[Start of section]

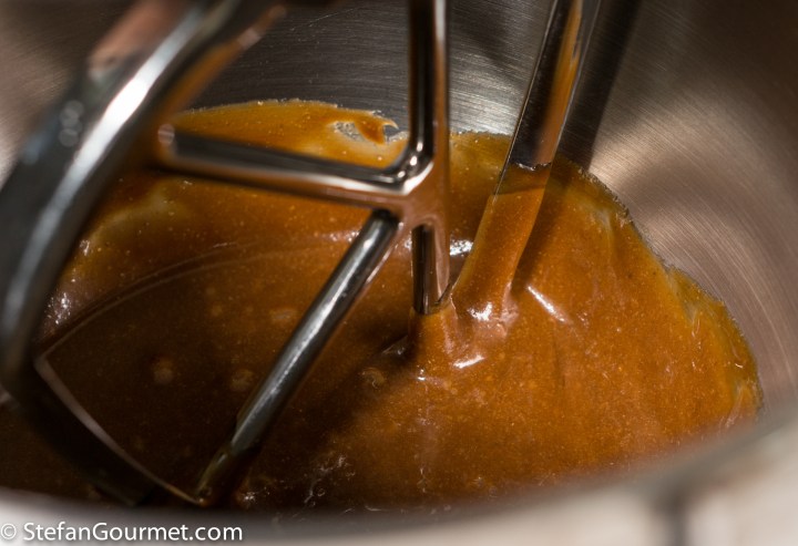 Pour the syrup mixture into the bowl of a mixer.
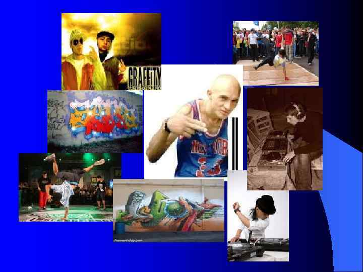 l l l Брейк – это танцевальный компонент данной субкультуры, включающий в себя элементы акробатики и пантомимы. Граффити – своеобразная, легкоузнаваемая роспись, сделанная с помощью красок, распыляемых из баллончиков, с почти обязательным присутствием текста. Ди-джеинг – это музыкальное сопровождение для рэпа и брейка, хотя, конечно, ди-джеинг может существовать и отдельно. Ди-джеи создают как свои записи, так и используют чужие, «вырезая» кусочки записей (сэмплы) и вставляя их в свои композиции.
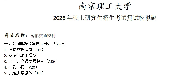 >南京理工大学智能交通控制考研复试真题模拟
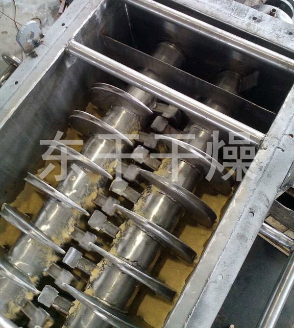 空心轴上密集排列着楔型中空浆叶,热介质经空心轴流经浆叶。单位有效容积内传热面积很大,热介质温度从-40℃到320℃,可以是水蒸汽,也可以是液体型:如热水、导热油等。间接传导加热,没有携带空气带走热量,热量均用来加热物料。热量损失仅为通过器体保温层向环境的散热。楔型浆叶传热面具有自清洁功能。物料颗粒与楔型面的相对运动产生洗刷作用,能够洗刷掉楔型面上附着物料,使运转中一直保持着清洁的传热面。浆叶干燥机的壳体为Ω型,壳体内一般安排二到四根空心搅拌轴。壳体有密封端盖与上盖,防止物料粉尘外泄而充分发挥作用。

[End of section]
[Start of section]

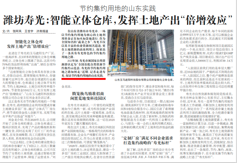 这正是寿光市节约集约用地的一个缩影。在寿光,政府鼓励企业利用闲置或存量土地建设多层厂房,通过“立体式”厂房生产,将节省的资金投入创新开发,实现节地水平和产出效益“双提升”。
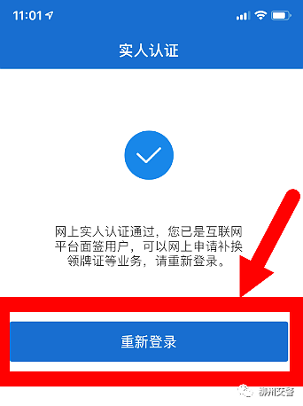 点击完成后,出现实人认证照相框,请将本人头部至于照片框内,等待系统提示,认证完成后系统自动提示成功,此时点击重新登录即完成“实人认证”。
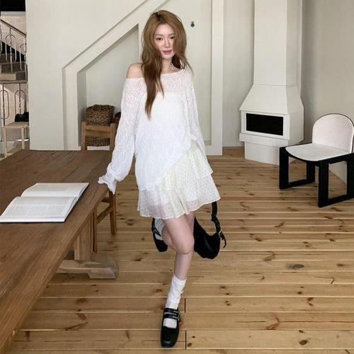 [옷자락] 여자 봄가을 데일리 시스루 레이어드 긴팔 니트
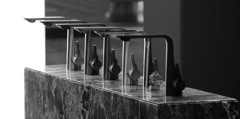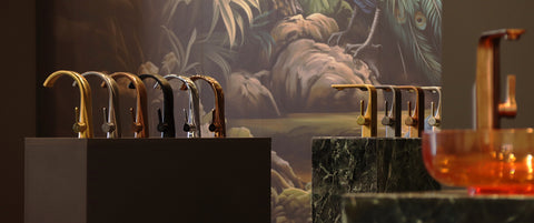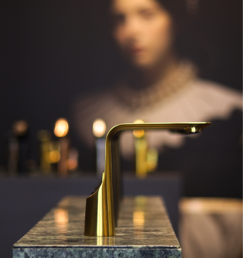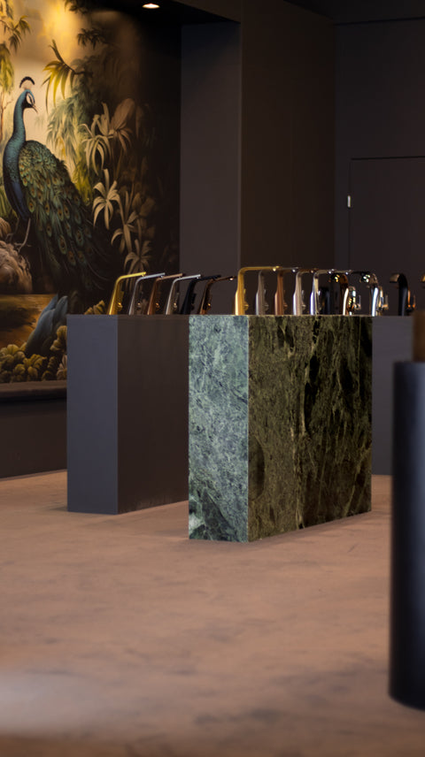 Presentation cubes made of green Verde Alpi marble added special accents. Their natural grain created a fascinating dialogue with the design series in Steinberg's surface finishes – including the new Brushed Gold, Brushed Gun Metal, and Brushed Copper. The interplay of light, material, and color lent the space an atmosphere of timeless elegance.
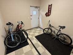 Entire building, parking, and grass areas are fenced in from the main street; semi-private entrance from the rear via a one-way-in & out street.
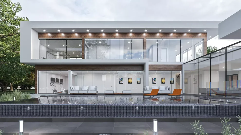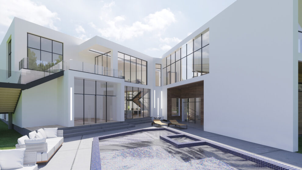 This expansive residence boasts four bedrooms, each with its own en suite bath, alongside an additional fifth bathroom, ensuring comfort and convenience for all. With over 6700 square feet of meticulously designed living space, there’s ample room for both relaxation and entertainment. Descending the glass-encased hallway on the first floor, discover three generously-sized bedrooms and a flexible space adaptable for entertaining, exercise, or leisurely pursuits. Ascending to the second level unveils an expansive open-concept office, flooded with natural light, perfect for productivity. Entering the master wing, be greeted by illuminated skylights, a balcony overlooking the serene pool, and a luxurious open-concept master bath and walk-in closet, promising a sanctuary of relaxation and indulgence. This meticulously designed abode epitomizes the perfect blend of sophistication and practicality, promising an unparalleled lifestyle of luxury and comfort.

[End of section]

Only one stretch of the listing is wanted: the lines starting at the one with "这正是寿光市节约集约用地的一" and ending at the one with "[옷자락] 여자 봄가을 데일리 시스루 레이어드 긴팔 니트", copied exactly and free of pictures.

◆ Response box:
 这正是寿光市节约集约用地的一个缩影。在寿光,政府鼓励企业利用闲置或存量土地建设多层厂房,通过“立体式”厂房生产,将节省的资金投入创新开发,实现节地水平和产出效益“双提升”。
 点击完成后,出现实人认证照相框,请将本人头部至于照片框内,等待系统提示,认证完成后系统自动提示成功,此时点击重新登录即完成“实人认证”。
 [옷자락] 여자 봄가을 데일리 시스루 레이어드 긴팔 니트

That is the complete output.